The core tenets of the Rooney Rule are on solid legal footing, according to Jeremi Duru, a professor of law and director of the Sport and Society Initiative at American University. Title VII of the Civil Rights Act of 1964 clearly prohibits employers from making a hiring, firing or promotion decision based on characteristics such as race, sex or national origin. However, companies don’t have to ignore these characteristics in assembling their applicant pool so long as they don’t deprive any applicant of opportunities, he said.
“It’s not two people out of a pool of five, or two people out of a pool of seven; it’s two people of color out of a total pool of how many ever you want,” said Duru, who’s also on the board of the Fritz Pollard Alliance, an organization founded around the inception of the Rooney Rule that supports diverse hiring in the NFL. “Once you start attacking initiatives that are very benign as being unlawful, very few initiatives for equal opportunity are going to go unchallenged.”

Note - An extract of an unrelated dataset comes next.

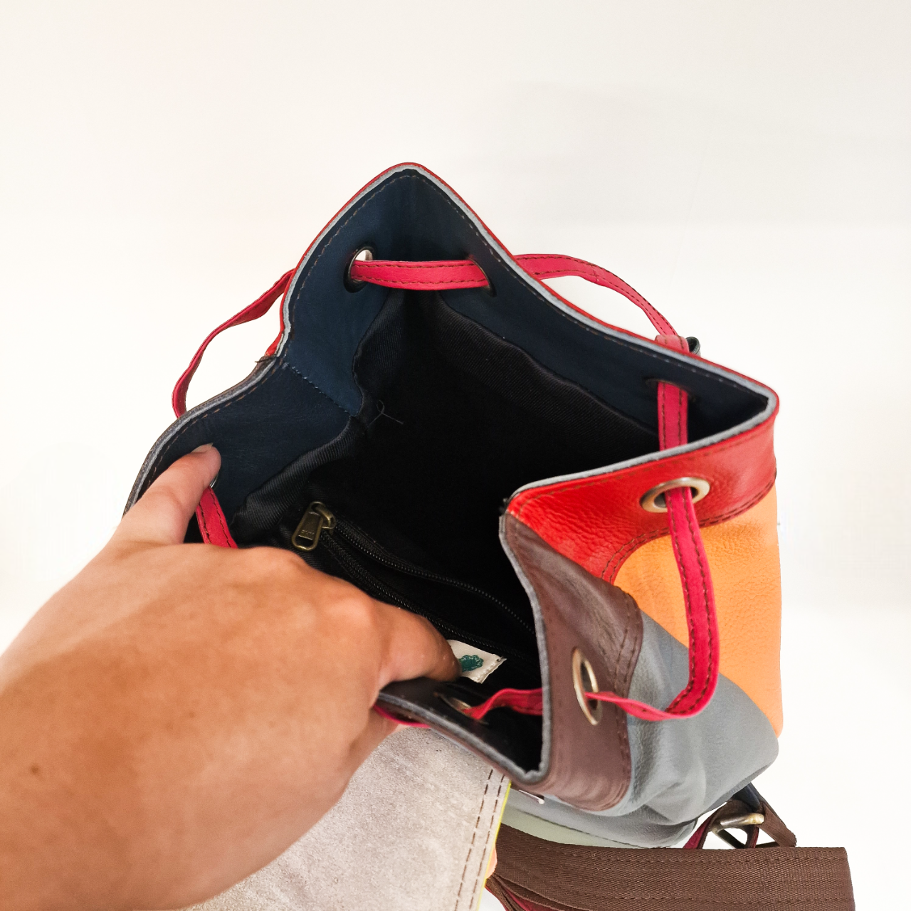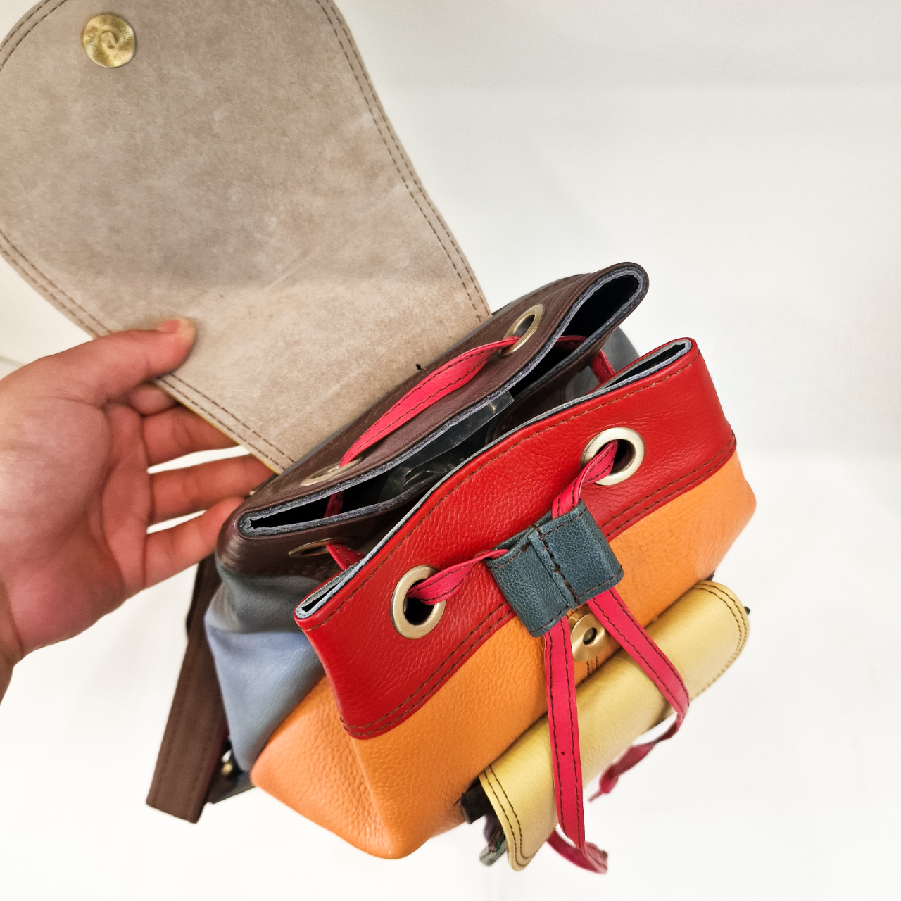 • Mala pequena colorida de couro com fecho de cordão e botão de pressão

Unlike a decade ago, there’s little indication that players now would react strongly to any changes to the Rooney Rule. The Players Coalition, formed in 2017 to improve racial equity, declined to comment. The NFL Players Association said in a statement that “it’s the league’s responsibility” to ensure pathways exist for all qualified candidates.
Former Executive Director DeMaurice Smith, who led NFLPA for more than a decade until 2023, wrote a 91-page paper near the end of his tenure, calling the rule a “failed experiment.” He pointed to a confidential 2022 NFLPA survey of 47 current and former coaches, in which the vast majority of respondents complained about the lack of transparency around pay, benefits and the hiring process.
Additionally, there’s the unresolved case involving Brian Flores, who’s suing the league over racial discrimination. The Minnesota Vikings defensive coordinator has offered evidence that the New York Giants interviewed him for a head coaching job after they’d already chosen a different candidate, rendering the Rooney Rule a sham. A New York judge said in February that Flores could bypass arbitration and proceed to trial.
“The largest sports organization in the country not only doesn’t enforce the Rooney Rule, it doesn’t comply with state and federal fair-hiring laws,” Smith said in an interview, echoing his paper’s assertion. “And no one is making them do it.”